__Work task__. Copy the listing exactly, please, and keep every picture out of it.
++++ Material provided ++++
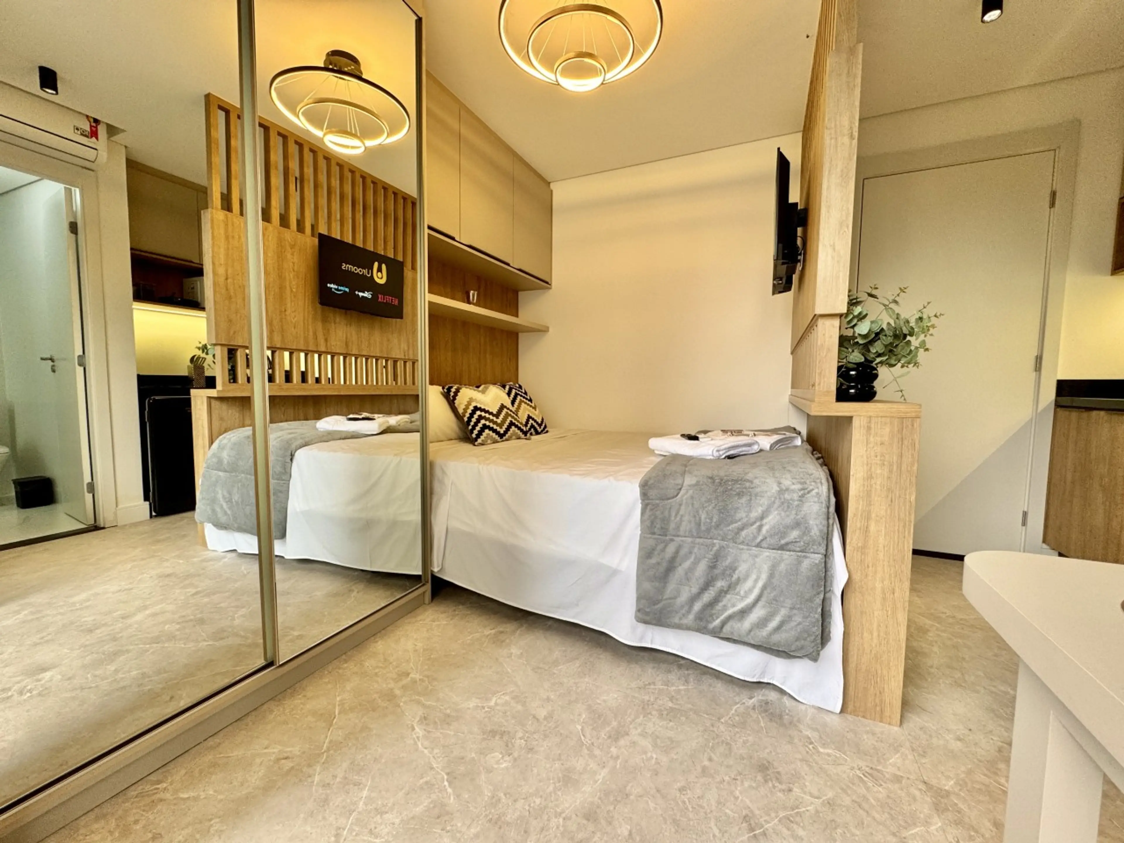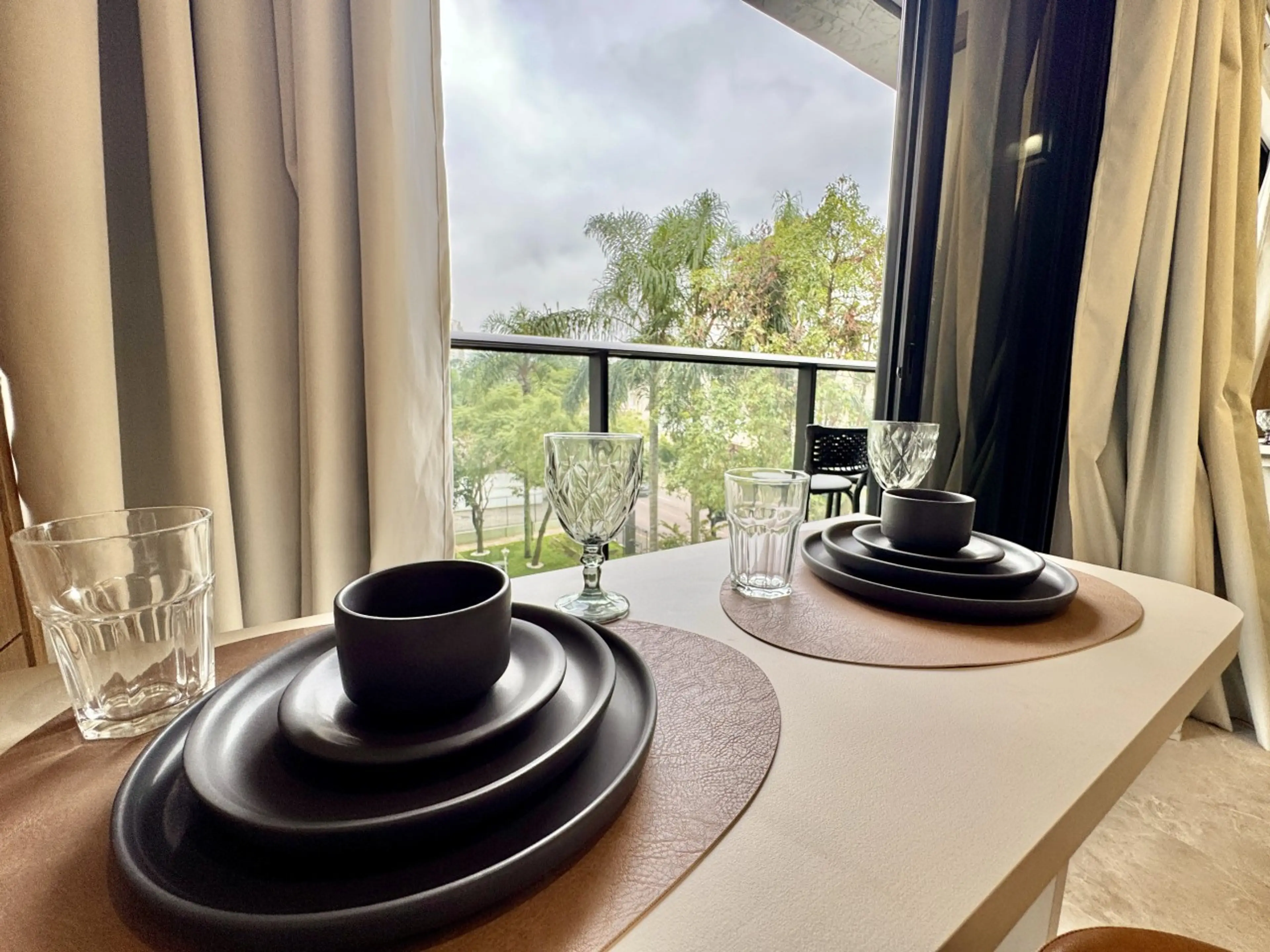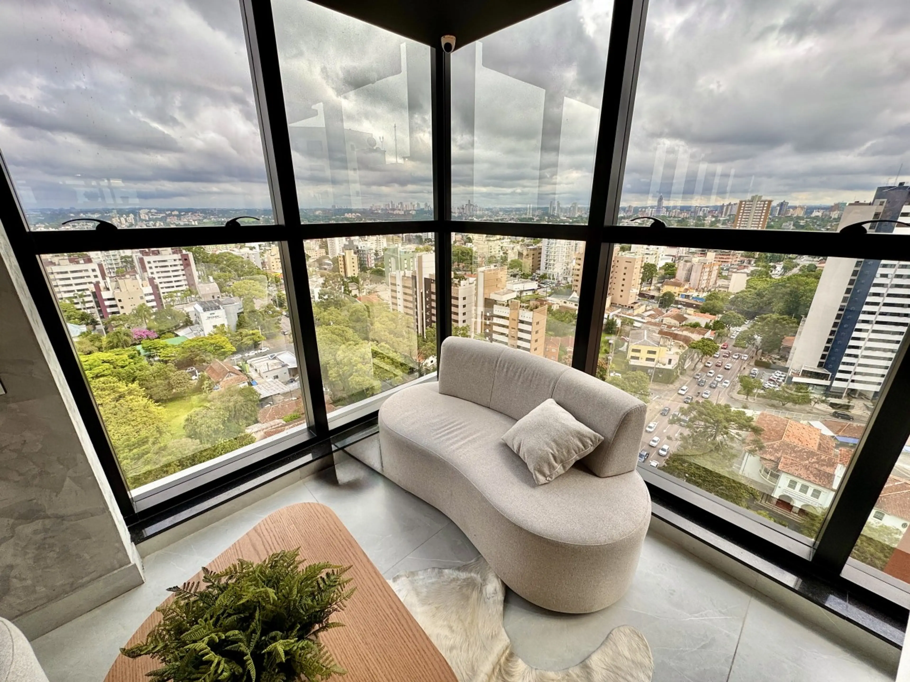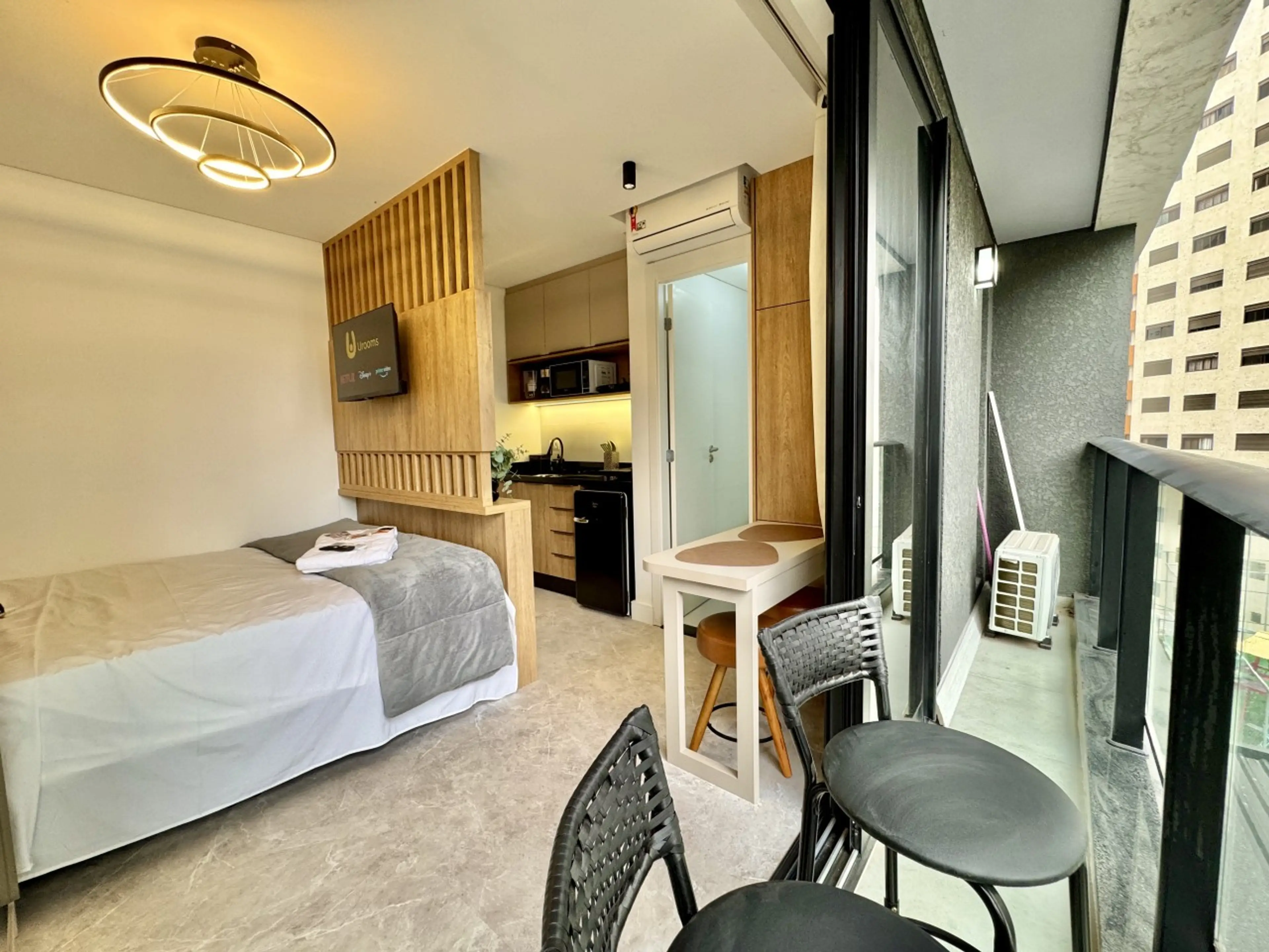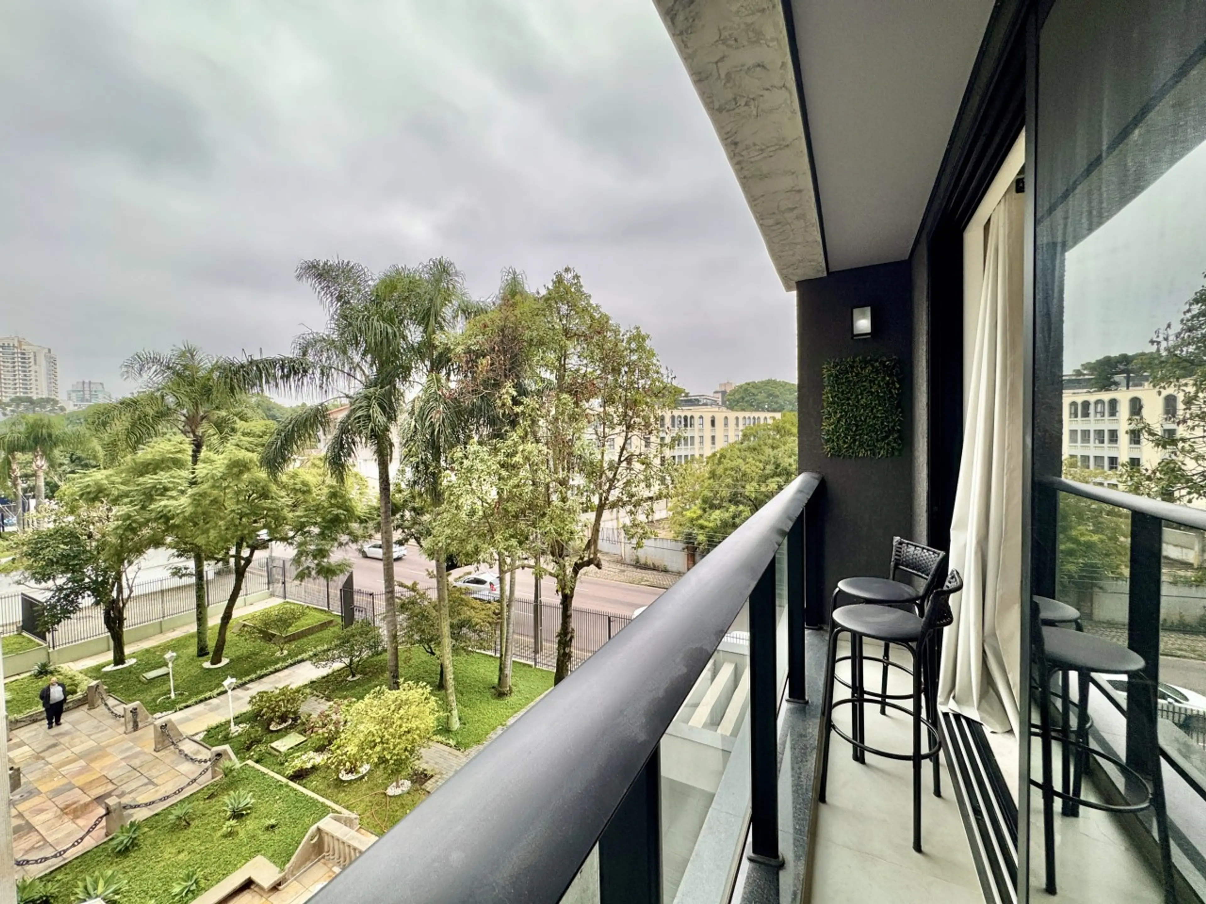 Studio completo com sacada no coração do Batel, Curitiba. ✅ Cama de casal com roupa de cama premium ✅ Sacada privativa com cadeiras e vista arborizada ✅ Cozinha equipada: placa de indução, micro-ondas, cafeteira ✅ Banheiro com bancada de mármore e chuveiro chuva ✅ Garagem disponível (cobrada à parte...
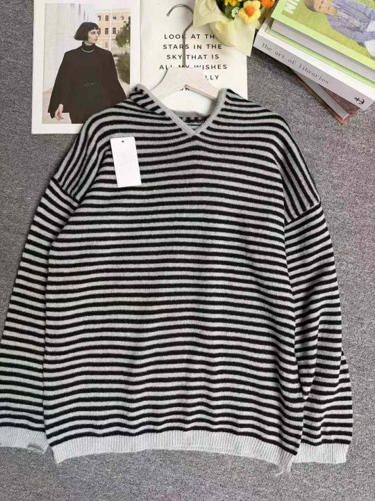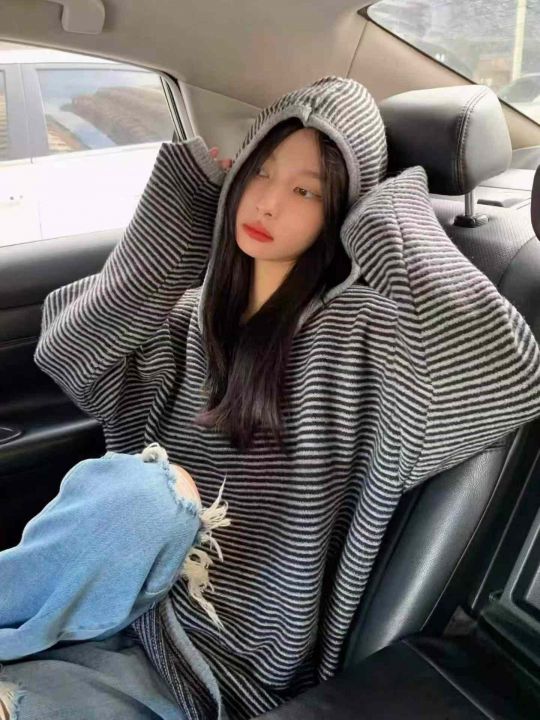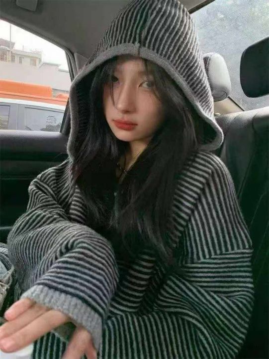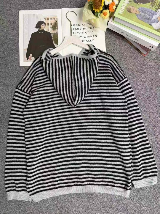休闲百搭慵懒风连帽针织衫毛衣秋冬新款复古宽松大码条纹长袖上衣,独立包装带吊牌,312件,尺码S-2XL
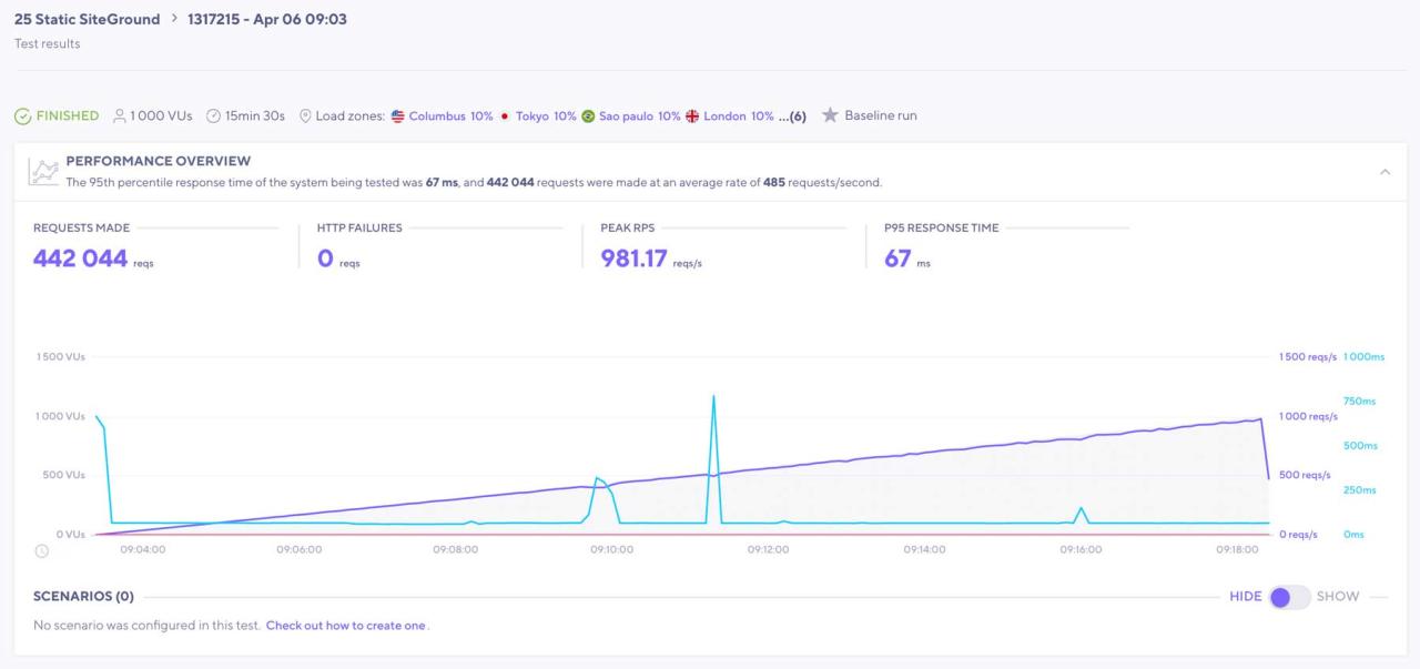 La prueba estática K6 impulsó aún más a SiteGround con 442.044 solicitudes. Sin embargo, aún entregó un fantástico tiempo de respuesta P95 de solo 67 ms y sin fallas de HTTP.
++++
__Exercise response__.
 Studio completo com sacada no coração do Batel, Curitiba. ✅ Cama de casal com roupa de cama premium ✅ Sacada privativa com cadeiras e vista arborizada ✅ Cozinha equipada: placa de indução, micro-ondas, cafeteira ✅ Banheiro com bancada de mármore e chuveiro chuva ✅ Garagem disponível (cobrada à parte...
休闲百搭慵懒风连帽针织衫毛衣秋冬新款复古宽松大码条纹长袖上衣,独立包装带吊牌,312件,尺码S-2XL
 La prueba estática K6 impulsó aún más a SiteGround con 442.044 solicitudes. Sin embargo, aún entregó un fantástico tiempo de respuesta P95 de solo 67 ms y sin fallas de HTTP.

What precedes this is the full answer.